В это время от какой-то скоротечной и неизвестной тогдашней медицине болезни умер князь Илья. Эта неожиданная утрата совершенно сразила Беату. Первое время она казалась помешанной. Она заперлась от всех, ушла в себя и месяца три выносила присутствие только одного духовника. Даже к дочери почти охладела. Строгий пост, молитва на могиле мужа, чтение духовных книг – вот в чем стала проходить жизнь ее, изо дня в день, без всяких отступлений. Напрасно многочисленная родня, искренно ее любившая, старалась привести ее в себя, убедить, что, несмотря на всю великость ее горя, жизнь еще не может потерять в глазах ее всякое значение, что ей рано еще совершенно отказываться от общества, что у нее, наконец, есть дочь, которая должна примирить ее с жизнью.
Все добрые советы, все убеждения, пропадали даром. Княгиня молча, внимательно выслушивала все, что ей говорили, но, взглянув на нее, можно было сразу заметить, что она думает о чем-то постороннем, своем, что вразумить ее нет возможности. Только при имени дочери она несколько оживлялась; но оживление это было минутное и скоро переходило в обычную апатию и замкнутость.
За несколько недель до первой годовщины смерти мужа, она съездила с духовником своим в Краков.
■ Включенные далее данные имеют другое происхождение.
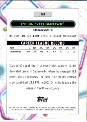 2023-24 Topps Chrome Cosmic #108 Peja Stojaković

Она пробыла там недолго, не показывалась при дворе и все время провела окруженная католическим духовенством. Она вернулась в Острог сильно возбужденная и оживленная. Во всей ее фигуре, в ее движениях замечалась явная перемена – прежней апатии не было и следа. Родные обрадовались сначала, думая, что поездка развлекла ее, что теперь она снова заживет своей прежней, естественной жизнью.